* **ABOUT THIS EXERCISE**
Nothing but the lines from the one holding "In A World Gone" through the last line of the material below should be set down, exactly and without images.

PROVIDED DATA section start

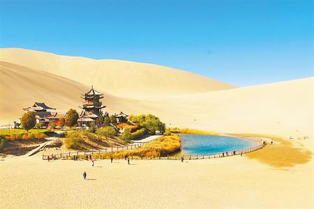 鳴沙山月牙泉是敦煌諸多自然景觀中的佼佼者,古往今來以“沙漠奇觀”著稱于世,被譽為“塞外風光之一絕”。月牙泉、莫高窟九層樓和莫高窟藝術景觀融為一體,是敦煌城南一脈相連的“三大奇跡”,成為中國乃至世界人民向往的旅游勝地。
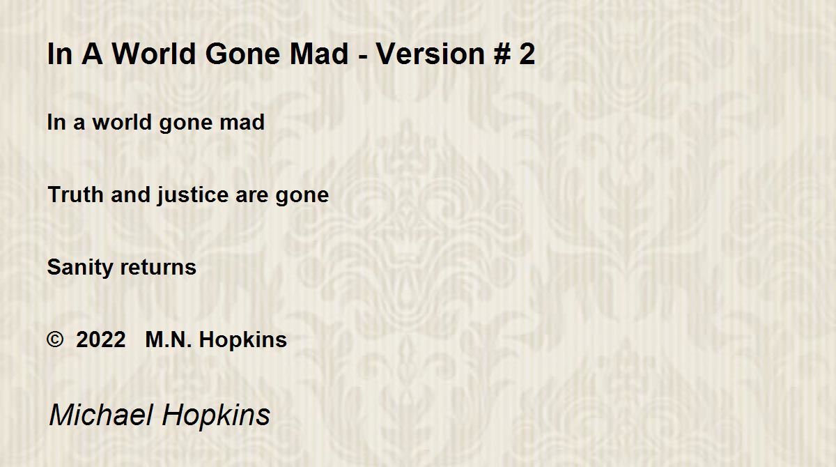 In A World Gone Mad - Version # 2 Poem by Michael Hopkins
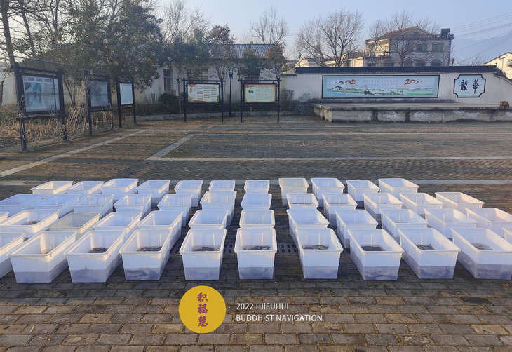 为避免缺氧,此次放生的物命被分装在40多个塑料箱中。

PROVIDED DATA section end

* **RESPONSE TO THIS EXERCISE**
 In A World Gone Mad - Version # 2 Poem by Michael Hopkins
 为避免缺氧,此次放生的物命被分装在40多个塑料箱中。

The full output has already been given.